Some say I'm impossible / So try me if you dare

A paradox is something that appears impossible.

Some things, before you tackle this beast: / Before me even old men have ceased.

Perhaps a reference to the "grandfather paradox" that apparently forbids time travel? Alternatively, "old" may be "a long time ago" rather than "aged"; some of these paradoxes go back a long long way.

Liars I have found defeated,

A reference to the Epimenides paradox or liar paradox ("this statement is false").

Countless animals I have also cheated.

Not sure what this one is about.
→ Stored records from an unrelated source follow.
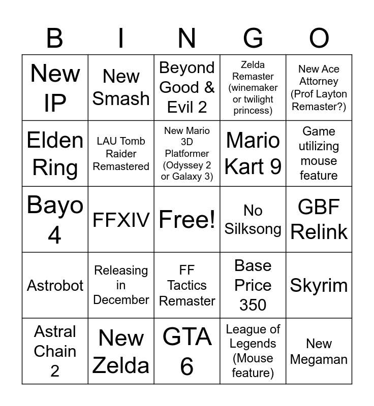 This bingo card has a free space and 24 words: Releasing in December, New Zelda, New Mario 3D Platformer (Odyssey 2 or Galaxy 3), Astral Chain 2, New Ace Attorney (Prof Layton Remaster?), New IP, Elden Ring, New Smash, No Silksong, FF Tactics Remaster, Mario Kart 9, Bayo 4, Base Price 350, Skyrim, LAU Tomb Raider Remastered, League of Legends (Mouse feature), GBF Relink, Beyond Good & Evil 2, Game utilizing mouse feature, FFXIV, New Megaman, Astrobot, Zelda Remaster (winemaker or twilight princess) and GTA 6.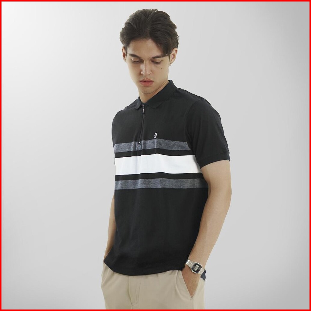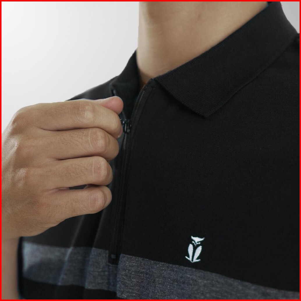Matsuda Baju Kaos Polo Shirt Dewasa Stripe Pria Kerah Katun Yonezawa Black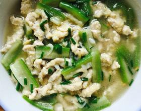 可以根据自己的口味加入蔬菜不一定非得用丝瓜。 蘑菇。西红柿。纯瘦肉 都可以制作水滑肉。宝宝也很喜欢吃呢 加生粉的话。量少一些。不然汤都被勾芡的稠糊了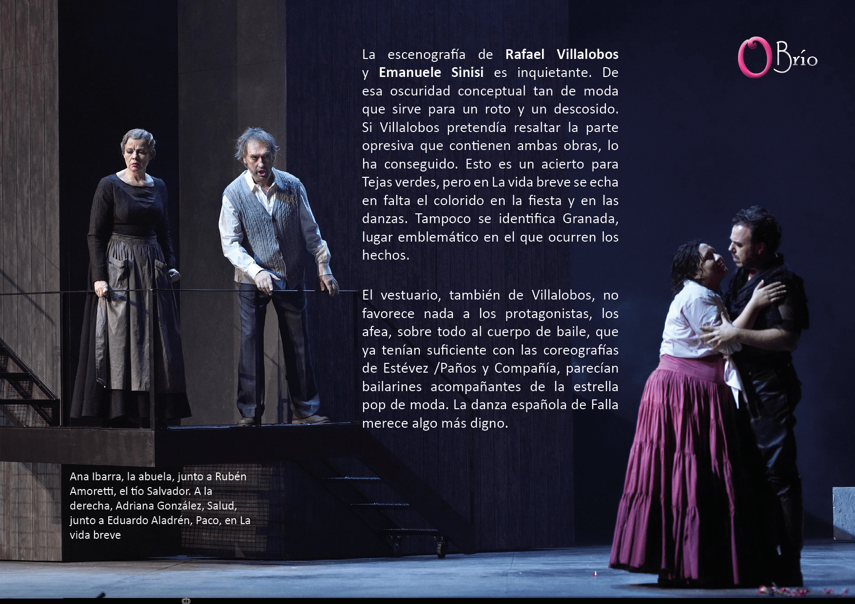 Aunque la vida breve es una obra que bien puede representarse en solitario, pues tiene identidad propia, en esta ocasión se ha recurrido a un estreno absoluto y también breve, Tejas verdes, de Jesús Torres. Ambas tienen en común, por buscar algo, el sufrimiento, por distintas razones, de sus dos mujeres protagonistas. Para establecer una especie de vínculo entre ellas, alguno de los personajes transita de una obra a otra, a modo de figurantes. La fusión de ambas óperas está un poco forzada y se adapta mejor a Tejas verdes que a La vida breve.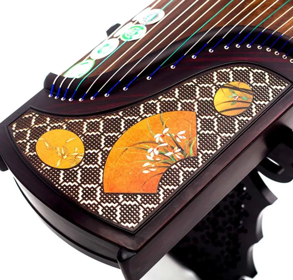 21-string 163cm high-end Guzheng to send a full set of accessories to professional players and examiners Brand: Yellow River Wind Place of Origin: Henan, China Craft: skewer carving craft, silk painting craft Panel: Lankao first grade paulownia Floor: Lankao clear water floor Zheng Code: Rosewood Zheng Strings: Tinned Piano Strings The head of the Zheng adopts skewer carving technique combined with silk painting technique, and the strings are made of steel wire strings, which are durable, have excellent hand feeling and outstanding sound quality.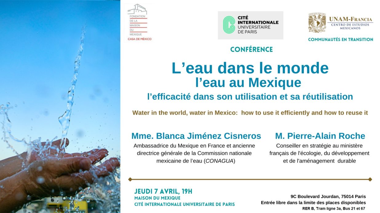 Le jeudi 7 avril à 19h00, la Fondation de la Maison du Mexique organise une conférence intitulée “L’eau dans le monde, l’eau au Mexique”. -

Perhaps just the fact that several paradoxes feature animals? (Buridan's ass, Hempel's ravens, the proof that all horses are the same colour, etc.)
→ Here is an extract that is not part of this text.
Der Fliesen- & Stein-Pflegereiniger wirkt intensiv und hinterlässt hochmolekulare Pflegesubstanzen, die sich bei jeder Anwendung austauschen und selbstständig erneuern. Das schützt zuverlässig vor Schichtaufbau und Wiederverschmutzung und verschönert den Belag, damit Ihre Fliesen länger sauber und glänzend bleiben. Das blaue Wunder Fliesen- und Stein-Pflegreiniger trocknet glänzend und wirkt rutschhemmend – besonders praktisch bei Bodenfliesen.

Don't point arrows at me, / (You won't get anywhere anyway)

A reference to Zeno's paradox (an arrow shot from A to B has to get half-way from A to B, then half-way from there to B, etc., so how can it ever reach its target? Indeed, before getting half-way from A to B it has to get half-way from A to there, etc., so how can it even get started?)

Don't forget I can be constructive, / As much as I am destructive.

Not sure about this; perhaps the idea is that sometimes a paradox can lead to enlightenment (by forcing you to find a clever way out or -- see e.g. koans in Zen Buddhism -- by bypassing rational thought altogether).

Try as hard as you might, / You won't find the answer to me, / For then I'd surely be no more.

A paradox ceases to be a paradox if a convincing resolution is found.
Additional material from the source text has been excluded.